20 Mart 2013 Çarşamba

Şeytanın Tuzakları


Hak batıl mücadelesi, tarihin her döneminde bütün şiddetiyle kıyasıya bir şekilde devam ederek günümüze kadar gelmiş, kıyamete kadar da aynı şiddetiyle devam edecektir. Yüce Rabb’imizin bildirdiği bu gerçeği, günümüzde çok açık bir şekilde yaşamaktayız. Tevhidi gerçekler, Hak batıl mücadelesinin her dönemimde vahyi esaslar doğrultusunda ortaya konulurken ve hiçbir şekilde değişmemiş ve değiştirilmemişken, batıl, her dönemde değişik isimler altında ve değişik metotlarla ortaya çıkmıştır.

Hak mücadelesinde yer alan Müslümanlar, Tevhidi esaslardan hareket ederek Allah yolunda mücadele ederlerken, batılı temsil eden küfür, şirk, fısk ve nifak cephesi temsilcileri, heva ve heveslerinden, beşeri sistemlerin kanun ve kurallarından hareket ederek şeytanın yolunda mücadele ederler.

“İnananlar Allâh yolunda savaşırlar, inkâr edenler de tağut yolunda savaşırlar. O halde şeytânın dostlarıyla savaşın, çünkü şeytânın hilesi zayıftır.” (Nisa, 76)

Yüce Allah’ın indirdiği vahyi esaslar, Hak batıl mücadelesinin her döneminde kendisine iman edenlere yol göstermiş, onları batılı yol edinen şeytanın temsilcilerinin tuzaklarından korumuş, nasıl hareket edecekleri ile ilgili olarak onlara tavsiyelerde bulunarak yol göstermiştir. Risalet önderleri ve onları takip eden Tevhid erleri, hiçbir dönemde ve hiçbir şartta vahyi esasların dışında hareket etmemiş, karşılaştıkları bütün baskı, şiddet ve eziyetlere rağmen üzerinde bulundukları Hak yoldan sapmamışlardır.

“Yüzlerinizi doğu ve batı tarafına çevirmeniz birr (inam etmek) değildir.

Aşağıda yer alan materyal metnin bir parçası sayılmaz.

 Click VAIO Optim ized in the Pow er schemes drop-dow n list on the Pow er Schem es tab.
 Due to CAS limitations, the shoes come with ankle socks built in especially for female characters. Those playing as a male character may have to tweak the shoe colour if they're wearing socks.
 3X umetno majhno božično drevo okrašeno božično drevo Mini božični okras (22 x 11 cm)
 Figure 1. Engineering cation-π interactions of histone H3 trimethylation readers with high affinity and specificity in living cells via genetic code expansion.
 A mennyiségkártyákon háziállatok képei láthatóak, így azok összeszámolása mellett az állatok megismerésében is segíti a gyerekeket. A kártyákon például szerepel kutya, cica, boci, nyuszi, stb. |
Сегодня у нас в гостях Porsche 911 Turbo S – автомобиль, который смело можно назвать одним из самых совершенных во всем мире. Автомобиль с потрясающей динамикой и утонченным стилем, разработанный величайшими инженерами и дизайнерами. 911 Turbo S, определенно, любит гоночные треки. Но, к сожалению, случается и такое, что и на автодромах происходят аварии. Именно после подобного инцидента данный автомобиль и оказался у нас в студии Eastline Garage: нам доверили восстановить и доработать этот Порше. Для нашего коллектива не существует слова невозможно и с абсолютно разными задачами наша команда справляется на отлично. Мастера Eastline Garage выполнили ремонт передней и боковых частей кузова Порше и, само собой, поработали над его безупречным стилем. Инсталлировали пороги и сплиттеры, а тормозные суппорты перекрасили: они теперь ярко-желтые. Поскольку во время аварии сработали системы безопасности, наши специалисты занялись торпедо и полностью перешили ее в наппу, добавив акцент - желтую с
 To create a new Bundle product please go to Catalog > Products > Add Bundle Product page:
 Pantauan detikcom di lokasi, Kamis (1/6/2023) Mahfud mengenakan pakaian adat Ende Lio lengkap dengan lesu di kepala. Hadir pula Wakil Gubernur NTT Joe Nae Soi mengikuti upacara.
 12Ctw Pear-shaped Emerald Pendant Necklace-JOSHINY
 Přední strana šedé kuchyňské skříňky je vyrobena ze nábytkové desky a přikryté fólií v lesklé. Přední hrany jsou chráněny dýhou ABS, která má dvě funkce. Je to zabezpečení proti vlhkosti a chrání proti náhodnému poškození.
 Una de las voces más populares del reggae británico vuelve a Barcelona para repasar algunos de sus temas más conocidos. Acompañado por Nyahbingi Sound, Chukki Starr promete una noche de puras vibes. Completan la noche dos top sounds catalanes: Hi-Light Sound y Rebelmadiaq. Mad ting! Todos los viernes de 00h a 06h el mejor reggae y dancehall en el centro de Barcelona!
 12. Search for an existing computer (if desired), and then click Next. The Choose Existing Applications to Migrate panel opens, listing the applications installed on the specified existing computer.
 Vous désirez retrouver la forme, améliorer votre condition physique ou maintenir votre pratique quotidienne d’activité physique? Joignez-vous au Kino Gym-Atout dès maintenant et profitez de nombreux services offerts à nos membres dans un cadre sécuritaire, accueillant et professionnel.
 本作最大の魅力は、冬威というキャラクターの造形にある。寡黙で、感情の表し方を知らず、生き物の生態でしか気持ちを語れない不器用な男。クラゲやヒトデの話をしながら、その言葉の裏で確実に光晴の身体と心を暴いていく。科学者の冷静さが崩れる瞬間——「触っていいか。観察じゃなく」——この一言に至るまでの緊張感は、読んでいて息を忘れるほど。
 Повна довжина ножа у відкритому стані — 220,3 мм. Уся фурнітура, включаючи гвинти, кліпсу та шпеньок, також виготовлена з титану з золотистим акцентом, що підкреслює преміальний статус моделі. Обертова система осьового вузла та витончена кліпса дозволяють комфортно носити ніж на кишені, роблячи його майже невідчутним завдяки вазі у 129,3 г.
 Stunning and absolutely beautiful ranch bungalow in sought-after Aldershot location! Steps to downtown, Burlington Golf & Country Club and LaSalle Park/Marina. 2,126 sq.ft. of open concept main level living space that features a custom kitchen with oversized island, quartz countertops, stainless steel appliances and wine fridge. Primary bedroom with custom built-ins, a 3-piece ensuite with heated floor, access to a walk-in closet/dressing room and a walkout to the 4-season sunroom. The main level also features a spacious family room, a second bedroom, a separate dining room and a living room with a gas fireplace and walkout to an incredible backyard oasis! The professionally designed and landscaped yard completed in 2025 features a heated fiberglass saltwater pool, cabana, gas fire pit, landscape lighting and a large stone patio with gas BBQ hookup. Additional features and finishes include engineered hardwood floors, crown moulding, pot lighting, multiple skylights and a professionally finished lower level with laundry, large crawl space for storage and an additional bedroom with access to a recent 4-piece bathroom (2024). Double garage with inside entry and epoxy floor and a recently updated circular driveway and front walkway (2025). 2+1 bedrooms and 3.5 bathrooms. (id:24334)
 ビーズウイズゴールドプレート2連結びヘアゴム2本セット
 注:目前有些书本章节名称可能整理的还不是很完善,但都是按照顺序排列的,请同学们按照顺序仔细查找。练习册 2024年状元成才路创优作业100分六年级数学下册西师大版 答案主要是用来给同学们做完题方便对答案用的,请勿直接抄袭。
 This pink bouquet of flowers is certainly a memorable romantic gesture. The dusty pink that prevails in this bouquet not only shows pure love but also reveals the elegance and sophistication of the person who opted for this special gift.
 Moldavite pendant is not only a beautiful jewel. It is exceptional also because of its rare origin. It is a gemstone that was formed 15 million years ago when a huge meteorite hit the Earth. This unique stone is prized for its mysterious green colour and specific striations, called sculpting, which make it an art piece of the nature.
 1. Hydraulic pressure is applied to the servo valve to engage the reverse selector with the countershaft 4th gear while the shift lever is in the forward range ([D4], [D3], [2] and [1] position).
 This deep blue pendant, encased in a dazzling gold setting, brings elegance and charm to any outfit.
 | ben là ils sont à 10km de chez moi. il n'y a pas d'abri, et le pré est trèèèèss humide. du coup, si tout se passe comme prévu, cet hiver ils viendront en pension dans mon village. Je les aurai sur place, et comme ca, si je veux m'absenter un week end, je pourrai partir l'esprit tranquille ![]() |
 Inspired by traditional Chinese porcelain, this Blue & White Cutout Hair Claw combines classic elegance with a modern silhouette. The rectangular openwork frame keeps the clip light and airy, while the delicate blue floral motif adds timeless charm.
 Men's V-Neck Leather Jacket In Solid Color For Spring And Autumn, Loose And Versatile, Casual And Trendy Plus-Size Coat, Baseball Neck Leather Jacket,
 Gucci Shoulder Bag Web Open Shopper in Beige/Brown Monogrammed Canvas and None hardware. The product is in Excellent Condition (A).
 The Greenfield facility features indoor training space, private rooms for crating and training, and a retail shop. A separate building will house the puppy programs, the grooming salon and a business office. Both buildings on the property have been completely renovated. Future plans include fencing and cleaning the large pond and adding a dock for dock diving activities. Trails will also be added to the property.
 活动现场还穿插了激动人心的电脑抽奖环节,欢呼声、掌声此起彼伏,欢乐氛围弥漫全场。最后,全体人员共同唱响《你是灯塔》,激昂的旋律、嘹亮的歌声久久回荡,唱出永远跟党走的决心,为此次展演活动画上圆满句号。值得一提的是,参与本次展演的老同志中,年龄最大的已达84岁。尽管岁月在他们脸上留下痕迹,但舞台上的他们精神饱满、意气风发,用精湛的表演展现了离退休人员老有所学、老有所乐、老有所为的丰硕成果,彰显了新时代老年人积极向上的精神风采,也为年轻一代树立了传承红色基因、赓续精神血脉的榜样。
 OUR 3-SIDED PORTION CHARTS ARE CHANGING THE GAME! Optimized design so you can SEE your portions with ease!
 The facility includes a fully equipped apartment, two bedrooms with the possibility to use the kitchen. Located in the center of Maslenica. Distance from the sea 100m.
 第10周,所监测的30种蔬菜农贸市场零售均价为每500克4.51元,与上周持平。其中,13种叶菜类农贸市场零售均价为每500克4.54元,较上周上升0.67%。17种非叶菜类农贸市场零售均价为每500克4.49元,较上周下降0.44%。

Asıl birr, (inam etmek) o dur ki, Allah'a, âhiret gününe, meleklere, Kitaba ve peygamberlere inandı; sevdiği malını yakınlara, yetimlere, yoksullara, yolda kalmışlara, dilencilere ve boyunduruk altında bulunan(köle ve esir)lere verdi; namazı kıldı, zekâtı verdi. Andlaşma yaptıkları zaman andlaşmalarını yerine getirenler; sıkıntı, hastalık ve savaş zamanlarında sabredenler, işte doğru olanlar onlardır ve işte muttakiler de onlardır.”  (Bakara, 177)

Tevhid eri Müslümanlar, ister kalabalıklar içerisinde olsunlar, isterse tek başlarına kalsınlar, mutlak anlamda vahyi esaslardan hareket ederler ve hiçbir zaman Tevhidi esasları, kendi hevaları ile karıştırarak Hakkı batıla bulaştırmazlar. Çünkü onlar, iman ettikleri ve hayat prensiplerini düzenleyen Kur’an’ın emirleri doğrultusunda hareket ederler ve Kur’ani uyarıya kulak verirler.

“Bile bile gerçeği bâtılla bulayıp hakkı gizlemeyin.” (Bakara, 42)

“Öyleyse emrolunduğun gibi doğru ol; seninle beraber tevbe edenler de (doğru olsunlar), aşırı gitmeyiniz! Zira O, yaptıklarınızı görmektedir. Sakın zulmedenlere meyletmeyin, sonra size ateş dokunur. Sizin Allah'tan başka dostlarınız yoktur. Sonra size yardım edilmez.” (Hud, 112-113)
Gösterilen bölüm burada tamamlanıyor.